Starting in January 2019, sponsors that adopted a DMP must engage in the case management of each Potential At-Risk Beneficiary (PARB) reported through OMS and provide information related to their review within 30 days. In addition, sponsors must also report through OMS any sponsor-identified PARBs, and any newly enrolled PARBs or At-Risk Beneficiaries (ARBs) for which a sponsor received a transaction reply code (TRC) of ‘376’ (New Enrollee CARA Status Notification) from the daily transaction reply report (DTRR).
See additional DMP guidance on the CMS Part D Overutilization website.

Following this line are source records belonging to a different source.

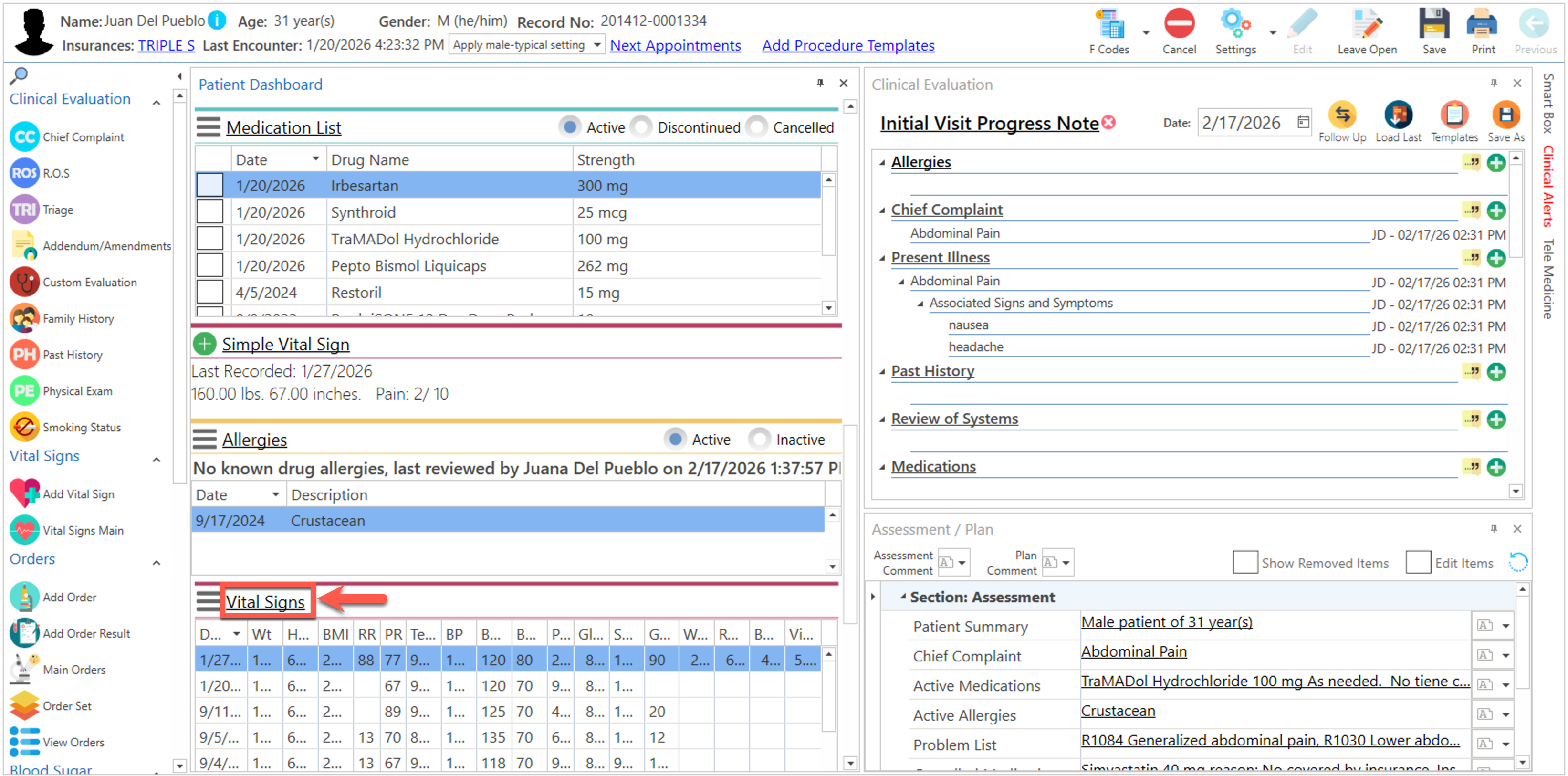 - Al presionar sobre el enlace de "Vital Signs", se desplegará la pantalla principal, para registrar los signos vitales del paciente.
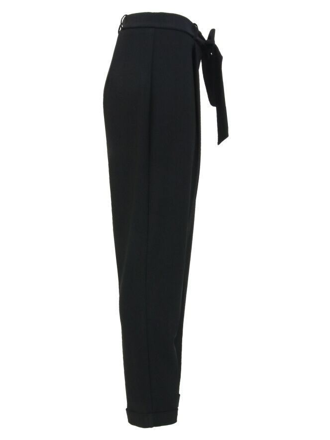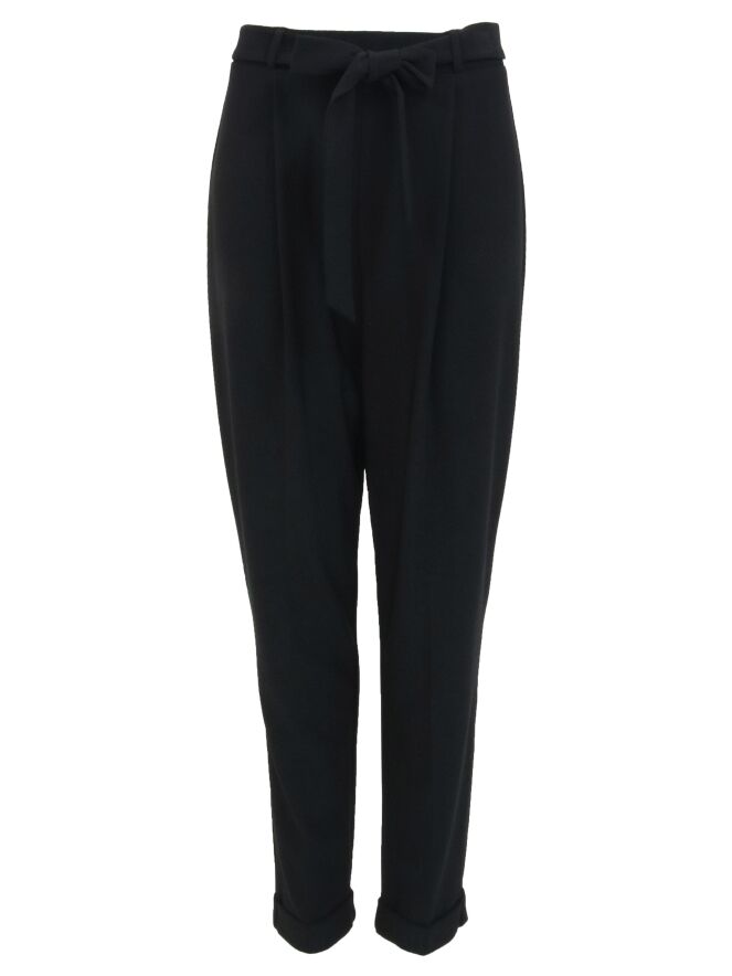 Schwarze Hose der Designermarke Joseph Ribkoff. Der breite Gürtel besteht aus demselben Stoff wie die Hose. Die Hosenbeine sind mit einem schmalen Umschlagsaum versehen. Diese Hose darf von Hand gewaschen werden.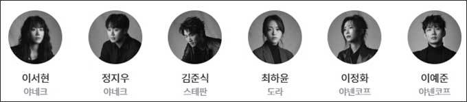출연진은 야네크 역에 이서현ㆍ정지우, 스테판 역에 김준식, 도라 역에 최하윤, 야넨코프 역에 이정화ㆍ이예준, 부아노프 역에 이사계ㆍ김민호, 스쿠라토프 역에 최승하ㆍ서주원, 총독부인 역애 전재희ㆍ이재은이 무대에 오른다.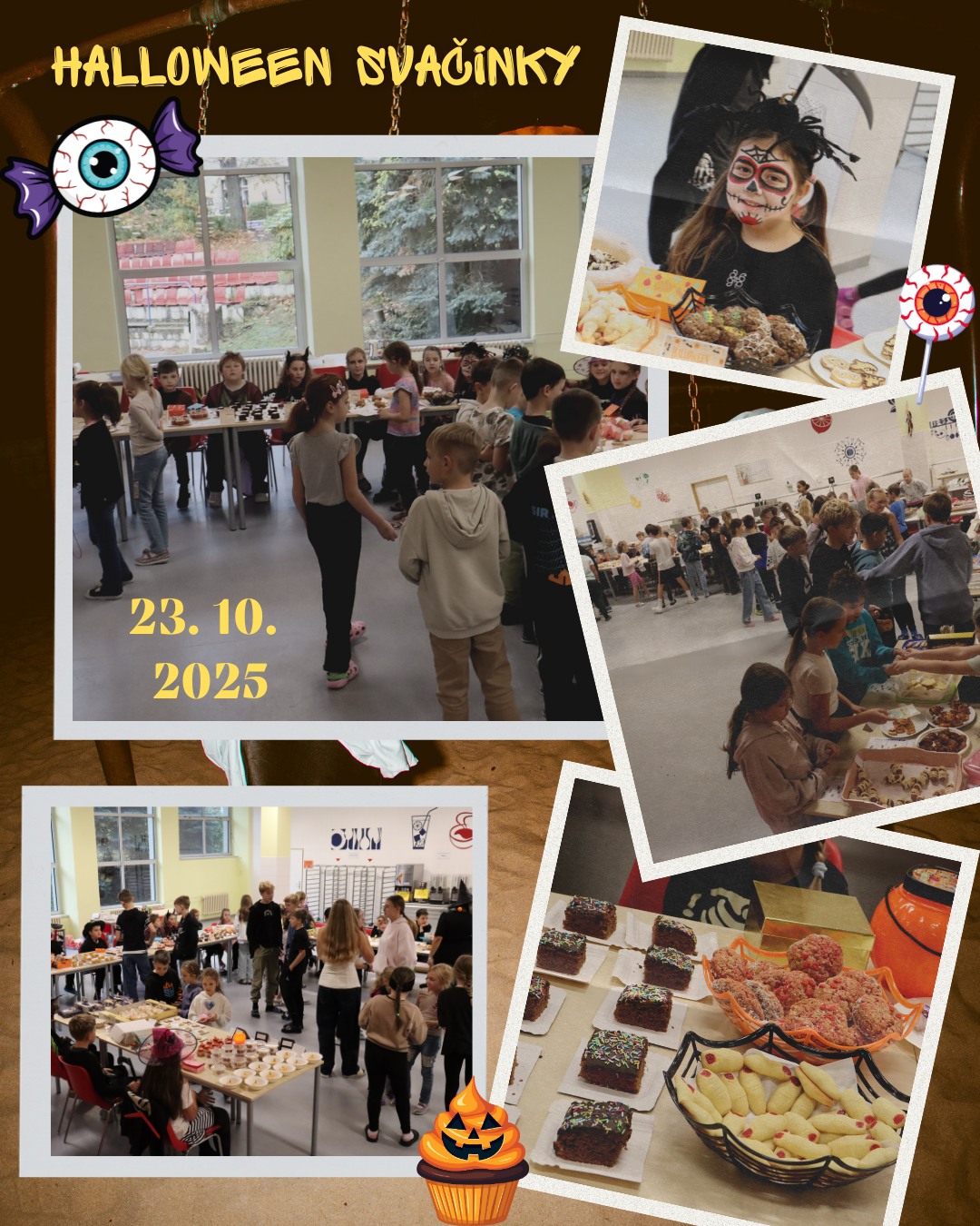 | Žáci 2.B, 3.A a 3.C si připravili sladké i slané svačinky s tématem Halloween. Akce se vydařila a vydělané peníze budou využity na charitativní účely. Děkujeme všem, kteří si nakoupili nějakou dobrotu :-). -VV- |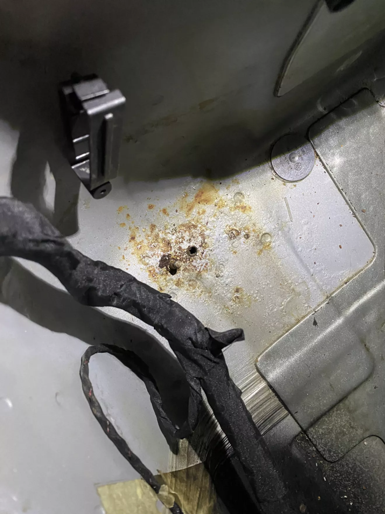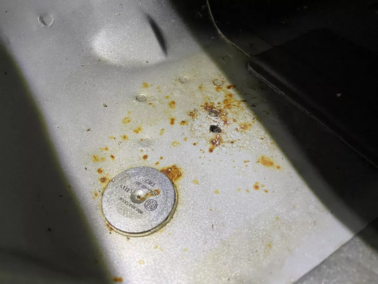 Как писал в предыдущем бортжурнале, какой-то чёрт просверлил днище сзади в ногах пассажира и начало ржаветь.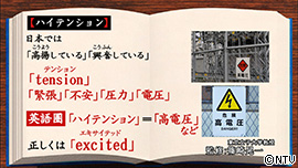 「ハイテンション」は、 日本では「高揚している・興奮している」という意味で使われていますが、英語の「tension」は、「緊張」や「不安」「圧力」「電圧」と言う意味。 したがって、アメリカなど英語圏で「ハイテンション」と言うと「高電圧」などと、とらえられてしまいます。 英語で正しくは、「excited(エキサイテッド)」と言いましょう。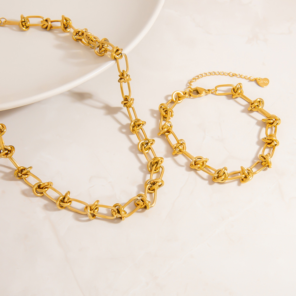 Stainless Steel Clavicle Chain European and American Style Knotted Titanium Steel Simple Geometric 18K Gold Versatile Color-Preserving Necklace Bracelet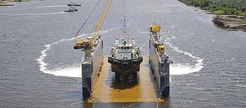 The dock will operate in sheltered water by a crew of three.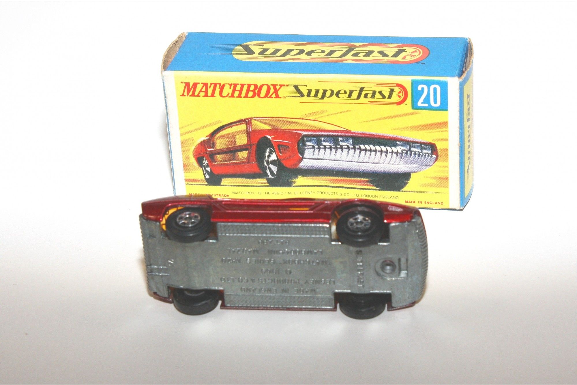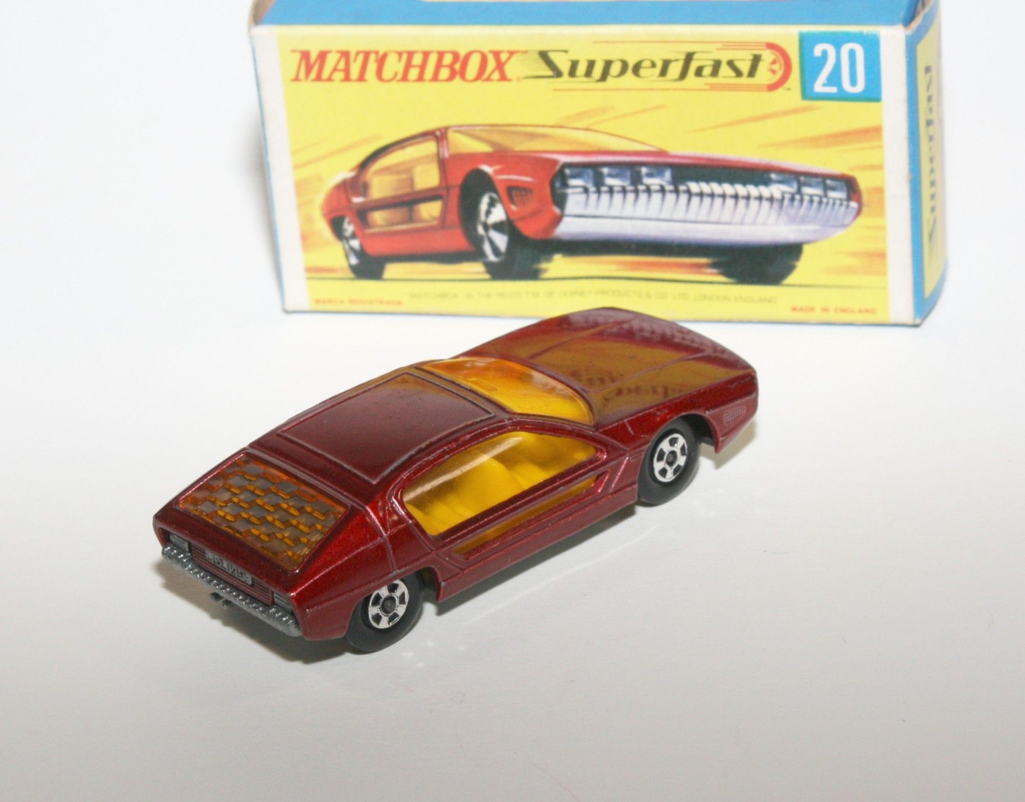A nice example of this Matchbox model. Original metallic paintwork is excellent with box rubs to some raised edges and a couple of tiny nicks, please study the photos for exact condition. Superfast wheels all free rolling, strong suspension, amber windows. unpainted base.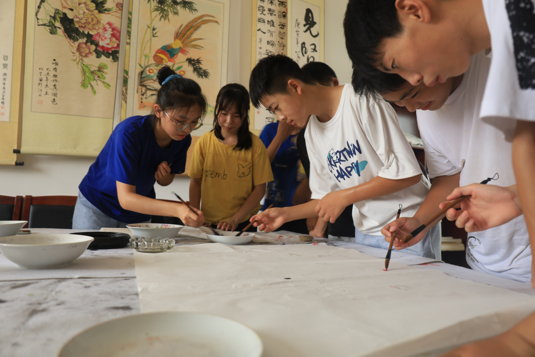 志愿者乔文锴和邢家林两人分别给孩子们带来了毛笔书法课和国画课,他们从最基础的如何拿笔、起笔等方面开始教起。多数孩子虽然都是从零起步,但经过一节课的学习,孩子们已经能够写出较为简单的毛笔字,画出一些简单的花卉。

CMS policies also include drug management programs to encourage care coordination and safe use of opioids as required by the Comprehensive Addiction and Recovery Act of 2016. Starting in 2019, for patients who could potentially abuse or misuse prescription drugs - including opioids and benzodiazepines - a Medicare drug plan will contact prescribers through case management to review patients’ total utilization pattern of frequently abused drugs and discuss the following :
1. Use of opioids with an average daily morphine milligram equivalent (MME) equal to or exceeding 90 mg for any duration during the most recent 6 months and either: 3 or more opioid prescribers and 3 or more opioid dispensing pharmacies OR 5 or more opioid prescribers, regardless of the number of opioid dispensing pharmacies. These cases are identified through OMS or by sponsors.
2. Use of opioids (regardless of average daily MME) during the most recent 6 months with 7 or more opioid prescribers OR 7 or more opioid dispensing pharmacies. These cases are identified by sponsors.